Your objective:
In the material below, begin at the line that has "(3)供应链:支持筛选指定供应链的商品订单;", stop after the line that has "Печень помыть, обсушить, посолить", and transcribe those lines exactly, without pictures.

Data for analysis:

------------------------------------------------------------

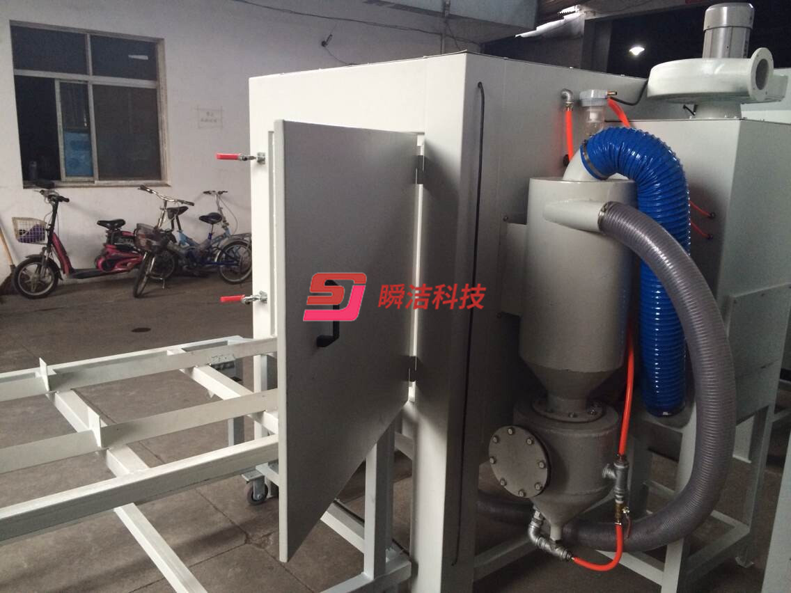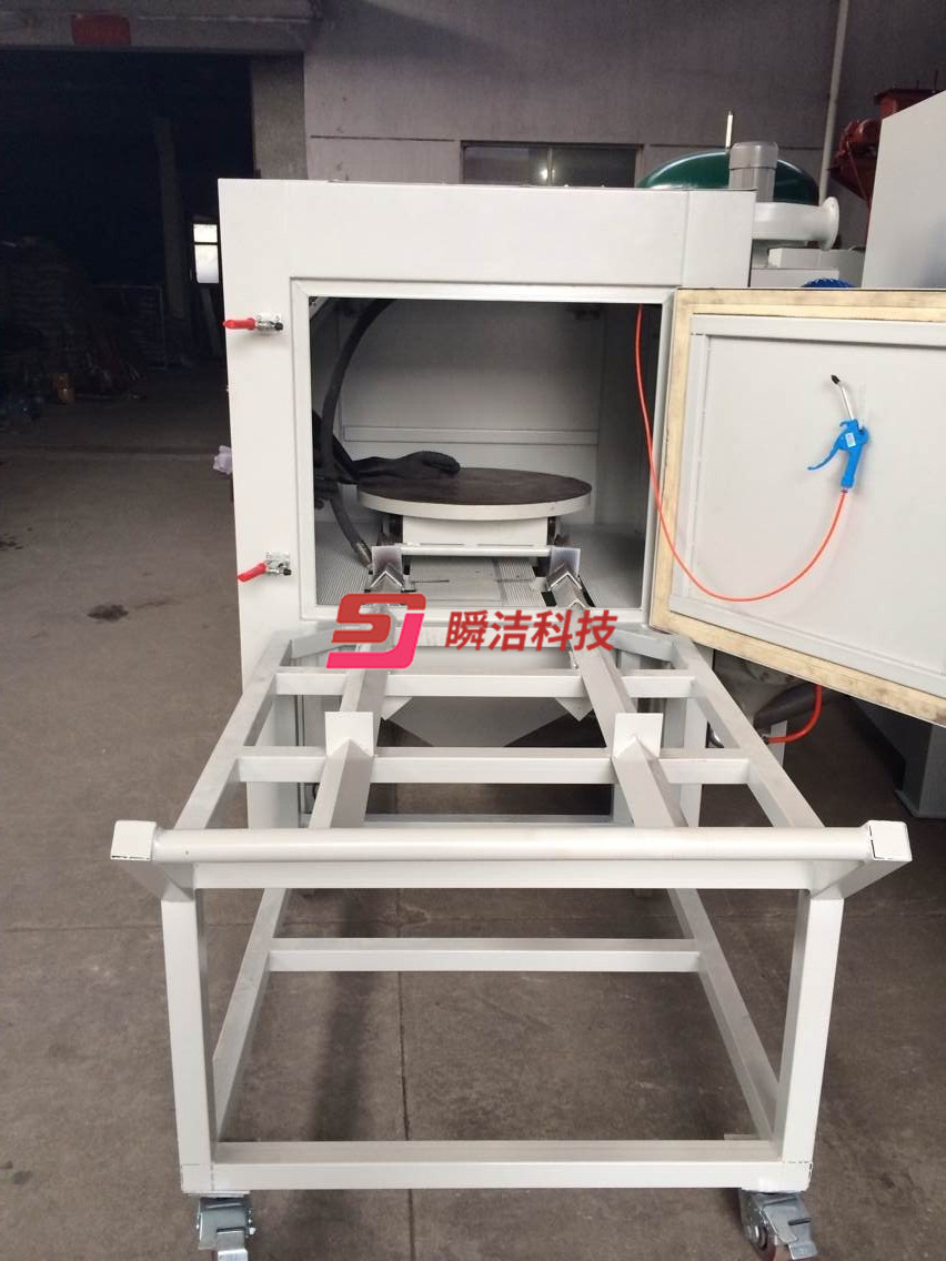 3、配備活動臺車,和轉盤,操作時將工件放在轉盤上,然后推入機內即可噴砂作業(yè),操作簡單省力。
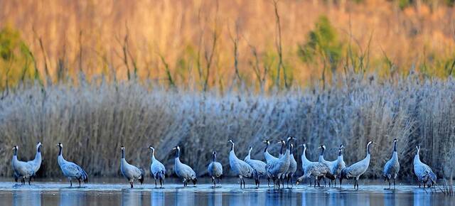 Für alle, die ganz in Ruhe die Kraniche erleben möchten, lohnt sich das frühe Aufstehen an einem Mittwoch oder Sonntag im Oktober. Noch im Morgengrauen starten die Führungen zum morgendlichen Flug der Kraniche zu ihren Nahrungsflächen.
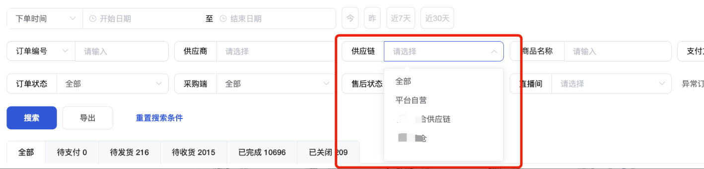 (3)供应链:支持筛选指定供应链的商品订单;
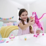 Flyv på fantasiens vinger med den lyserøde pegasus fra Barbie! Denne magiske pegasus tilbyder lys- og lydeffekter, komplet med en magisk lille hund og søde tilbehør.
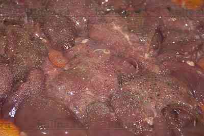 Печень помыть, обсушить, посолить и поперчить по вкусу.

------------------------------------------------------------

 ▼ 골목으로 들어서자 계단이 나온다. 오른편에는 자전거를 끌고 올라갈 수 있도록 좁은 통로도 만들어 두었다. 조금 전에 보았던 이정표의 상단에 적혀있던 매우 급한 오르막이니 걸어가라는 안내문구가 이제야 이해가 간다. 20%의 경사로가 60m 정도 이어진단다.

------------------------------------------------------------

Answer for the task:
 (3)供应链:支持筛选指定供应链的商品订单;
 Flyv på fantasiens vinger med den lyserøde pegasus fra Barbie! Denne magiske pegasus tilbyder lys- og lydeffekter, komplet med en magisk lille hund og søde tilbehør.
 Печень помыть, обсушить, посолить и поперчить по вкусу.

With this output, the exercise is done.